Махольд положил руку ему на плечо.
– Успокойся, дружище! Никто тебя не принуждает. Выкладывай, в чем дело?
– Ты не рассердишься?
– Да пóлно тебе. С какой стати?
– Тогда прошу тебя, Махольд, сделай одолжение, не посылай меня в Оберштеттен! Если уж отправлять меня в больницу, то хотя бы в Герберсау, там меня знают, там мои родные места. Может, и с точки зрения попечительства о бедных так будет лучше, я ведь там родился, и вообще…
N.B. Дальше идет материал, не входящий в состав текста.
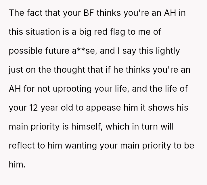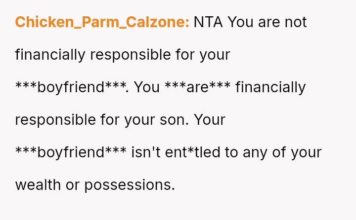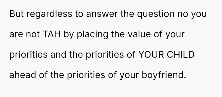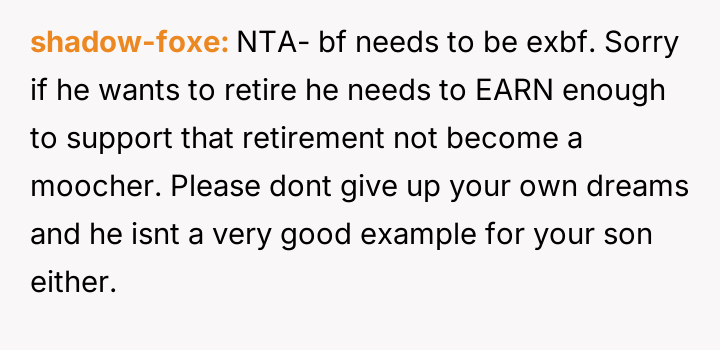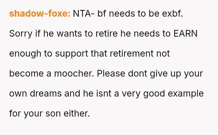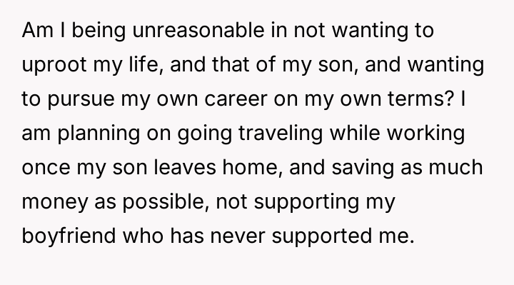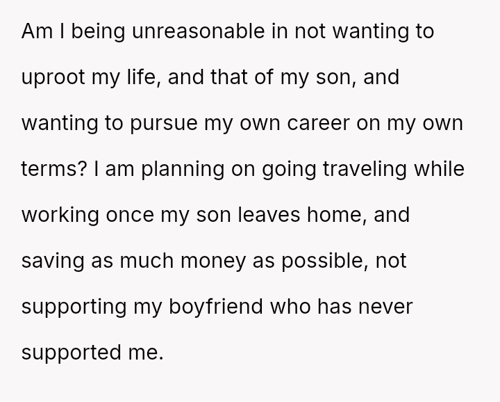 Is the poster unreasonable for prioritizing her es**blished career path, her son's s**bility, and her future retirement over immediately supporting her boyfriend's lifestyle change, or is the boyfriend justified in expecting her to sacrifice her career plans to subsidize his early retirement?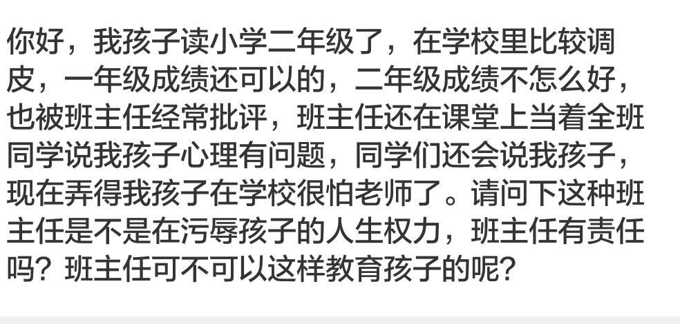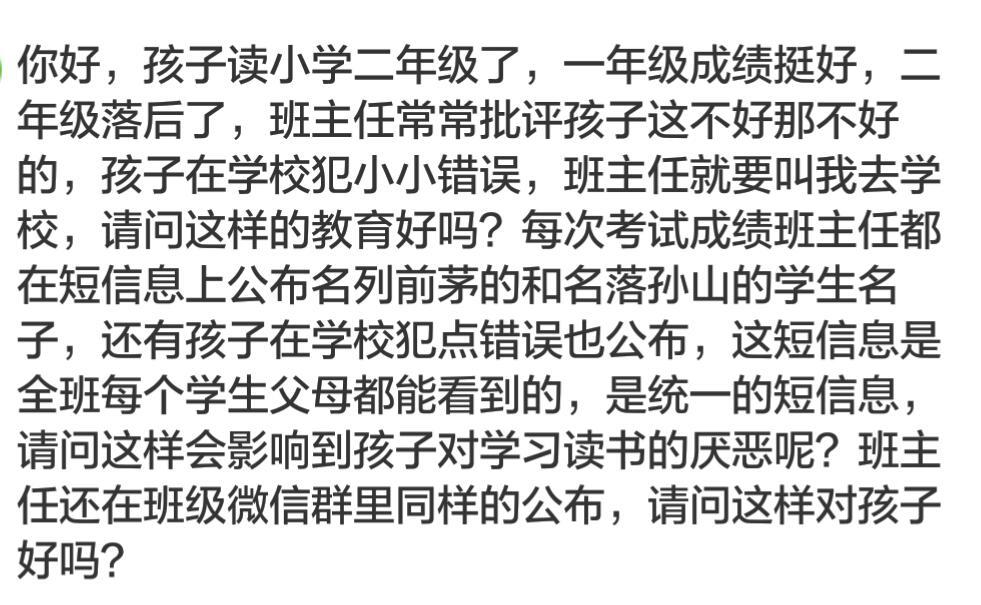 这种教育方式有问题,这个老师也有问题 首先他就没有尊重你的孩子,在大家面前说你孩子心理有问题,这已经不是为人师表可以说出的话了 再来,动不动就叫家长去学校,证明他没有处理事情的能力 还有统一的短信公布倒数排名的学生,这些事情都说明他根本没有考虑孩子们的心理 这种老师,就算教学能力再强,也教不好孩子怎...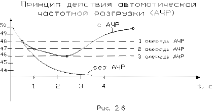 - автоматическая частотная разгрузка (АЧР), позволяющая путем отключения второстепенных мощностей ограничить процесс снижения частоты тока (время срабатывания 5-7с). Пример схемы действия АЧР показан на рис. 2.6. На рисунке показаны очереди АЧР, каждая последующая очередь начинает отрабатывать, если действие предыдущей очереди не привело к остановке снижения частоты. Отнесение нагрузки к той или иной очереди осуществляется энергосистемой.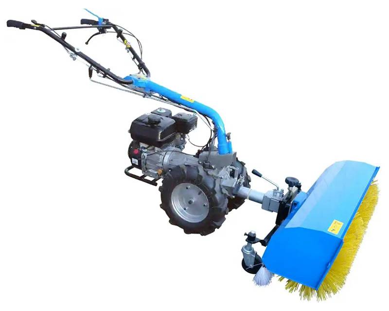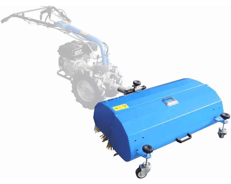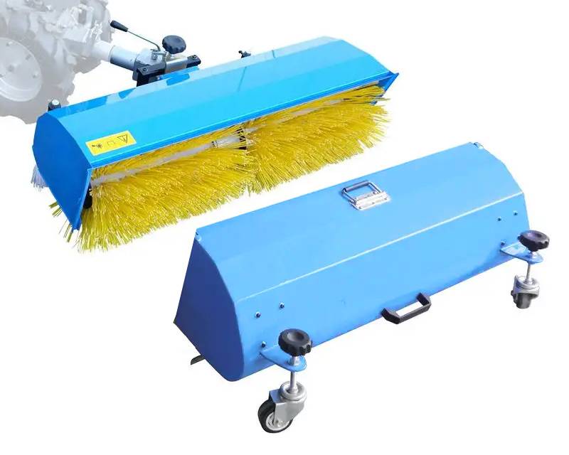 Bred fejemaskine monteret på Güde minitraktor. Hertil kommer opsamler til montering på kosten, når man fx skal feje tæt på vinduer. Oplagt sæt til brug både sommer og vinter.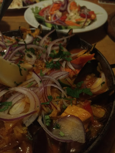Als Vorspeise Knoblauchbrot, war okay, zwar nichts raffiniertes aber ordentlich und großzügig. Steak mit Gemüse war im Verhältnis zum Preis viel zu klein und ebenfalls nichts besonders (somit auch zu teuer). Paella war gut, vor allem gut gewürzt, großzügig mit den Muscheln.. Garnelen etc. waren eher übersichtlich. Tapas naja, es gibt hier in der Tat manches was es so nicht überall gibt. Rinderspieße in Cherrysosse, klingt gut war aber zu sauer (Warum auch immer, Cherry ist ja normal süß), Kartoffeln mit Rippchen leider trotz Sauce eher geschmacklos, der gallizische Pulpo, war als solcher nicht zu erkennen und erinnerte er an kleingehacktes als an das Original, sehr gut waren dafür Chorizo mit weiße Bohnen, die waren wirklich sehr lecker. Was mir sehr gut gefällt ist die große Weinauswahl, selten so eine Auswahl an spanischen Weinen bekommen, was mich besonders gefreut hat war das es auch einen Portugiesischen Wein gibt. Leider reichte die Zeit nur um zwei zu probieren, Espresso war für meinen Geschmack etwas zu schwach und zu heiß. Das Angebot an Nachspeisen entsprach uns nicht und war auch sehr überschaubar.. auffällig das es auch keine Crema Catalan gibt?!? Bezahlt haben wir am Ende zu dritt (2 Erwachsene + Kind unter 18) 91,50€, wert war es mir das nicht, muss aber jeder selber wissen.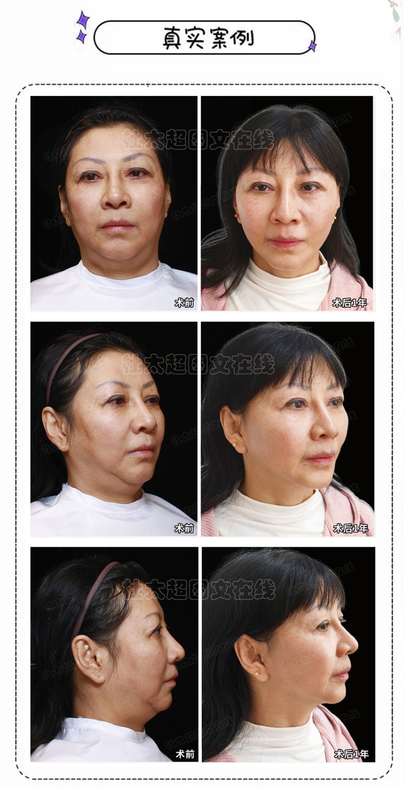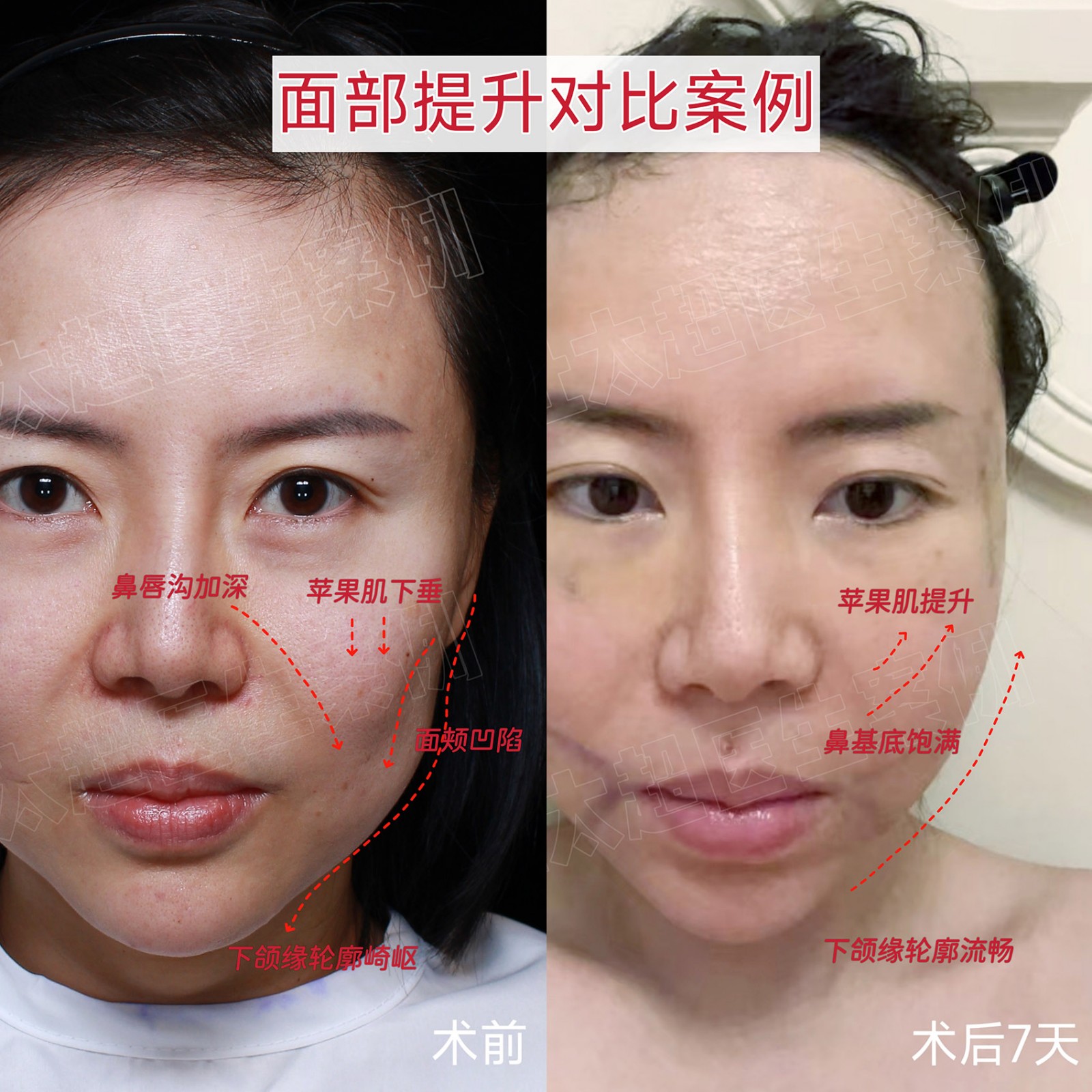 面部提升即刻对比~仔细对比前后面部紧致度~饱满度~平整度~拉皮手术的魅力也就『不言而喻』了!

Его взгляд был полон страстной мольбы, от волнения он едва мог говорить.
«У него жар», – подумал Махольд. И спокойно сказал:
– Если это все, о чем ты просишь, то мы быстро уладим дело. Ты совершенно прав, я напишу в Герберсау. А теперь пойди приляг, ты устал и слишком много говорил.
Кнульп поплелся в дом, а доктор, провожая его взглядом, вдруг вспомнил давнее лето, когда Кнульп учил его ловить форель, вспомнил его умную, властную манеру обходиться с товарищами, обаятельную пылкость двенадцатилетнего мальчугана.
«Бедный малый», – подумал он с неловкой растроганностью и поспешно встал, чтобы вернуться к работе.